Menurut Nurul, berdasarkan daerah tempat tinggal, pada periode September 2022 - Maret 2023, jumlah penduduk miskin di daerah perkotaan berkurang sebanyak 26,4 ribu jiwa.
"Sedangkan di perdesaan justru bertambah sebanyak empat ribu jiwa, dengan persentase penduduk miskin di daerah perkotaan mengalami penurunan sebesar 0,40 poin sementara di perdesaan mengalami peningkatan sebesar 0,07 poin," urainya.
Nurul menyebut beberapa faktor yang menyebabkan tingkat kemiskinan di Sumut turun adalah perekonomian triwulan I 2023 yang tumbuh sebesar 4,87 persen.
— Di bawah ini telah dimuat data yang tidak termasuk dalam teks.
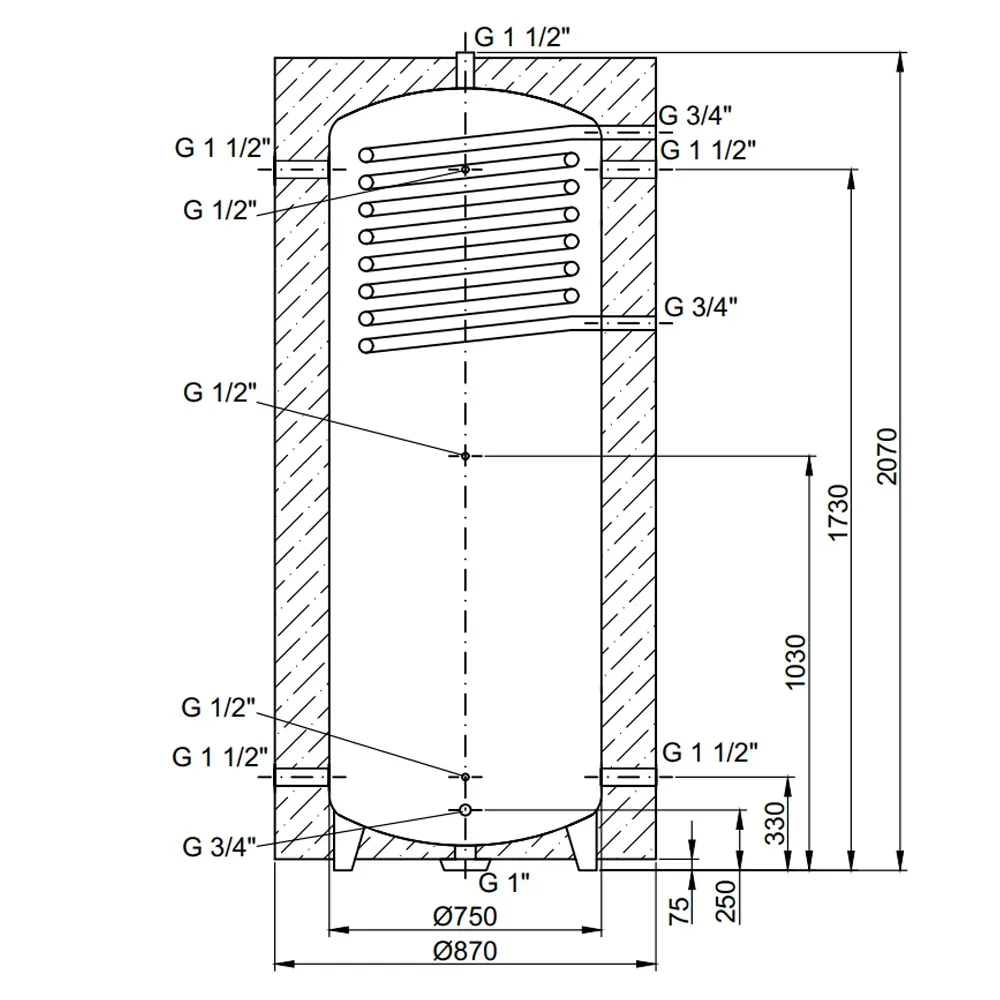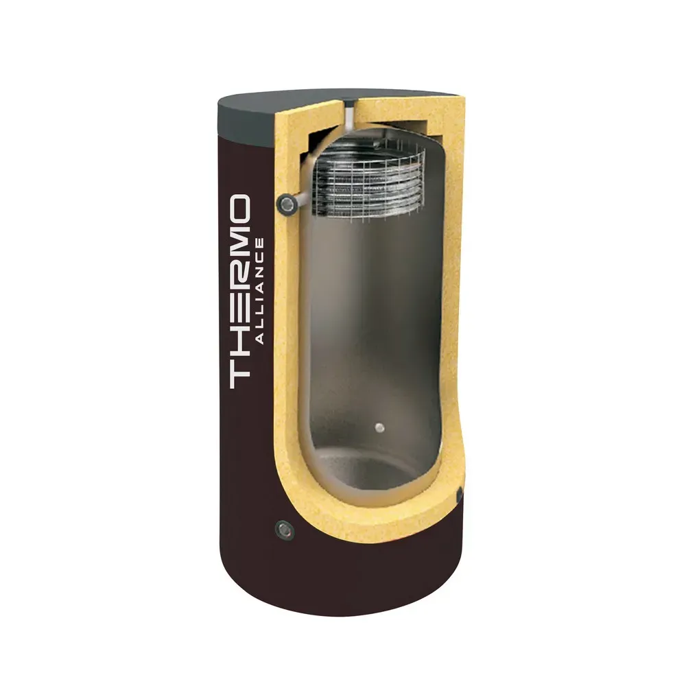 Теплоакумулятор Thermo Alliance TAI-10 750 виконує функцію накопичення, збереження, передачі теплоносія, отриманого від різних джерел, що працюють в одній системі. Наприклад, від твердопаливного котла та колектора сонячної енергії. Усередині буферного бака встановлений змійовик-теплообмінник, зроблений з нержавіючої сталі. Основне його завдання — забезпечення подачі гарячої води для господарських потреб. Гарантійний термін експлуатації виробу тривалий.

Selain itu, penurunan kemiskinan juga didorong oleh tingkat pengangguran yang berkurang di daerah tersebut.
"Tingkat Pengangguran Terbuka (TPT) Februari 2023 sebesar 5,24 persen atau turun sebesar 0,17 persen poin dibandingkan Agustus 2022 (6,16 persen). TPT perkotaan menurun dari 8,67 persen Agustus 2022 menjadi 6,78 persen pada Februari 2023. TPT perdesaan meningkat dari 3,11 persen pada Agustus 2022 menjadi 3,44 persen pada Februari 2023.
Kemudian, lanjut Nurul, membaiknya kondisi ketenagakerjaan yang juga tercermin dari peningkatan proporsi pekerja formal juga menjadi pendorong menurunnya tingkat kemiskinan di Sumatera Utara. Tren pekerja formal meningkat dari 40,93 persen menjadi 42,38 persen pada Februari 2023.
"Jika dilihat berdasarkan wilayah, pekerja formal perkotaan meningkat 46,25 persen pada Agustus 2022 menjadi 54,42 persen pada Februari 2023. Sedangkan pekerja formal di perdesaan menurun 32,94 persen pada Agustus 2022 menjadi 28,88 persen pada Februari 2023. Lalu Nilai Tukar Petani (NTP) secara umum meningkat di Maret 2023 yakni sebesar 127,40," pungkasnya.
[Gambas:Video CNN]
Label:capital303、tokeqq、angka jitu ini hari
Terkait:situs gacor slot online、cara menghasilkan uang dalam waktu singkat、mega gacor slot login、silverbola slot、cara kredit barang di shopee dengan kredivo、arenaslot99、persyaratan cicil hp、bimaslot、server thailand.com、slot gacor maxwin 4d
bab terbaru:meningkatkan limit kredivo(2024-07-12)
Perbarui waktu:2024-07-12
《erek19》Semua konten berasal dari Internet atau diunggah oleh netizen,situs togel yang ada bonus new memberHanya promosikan novel karya penulis asli. Semua teman buku dipersilakan untuk mendukung dan mengumpulkan《erek19》bab terbaru。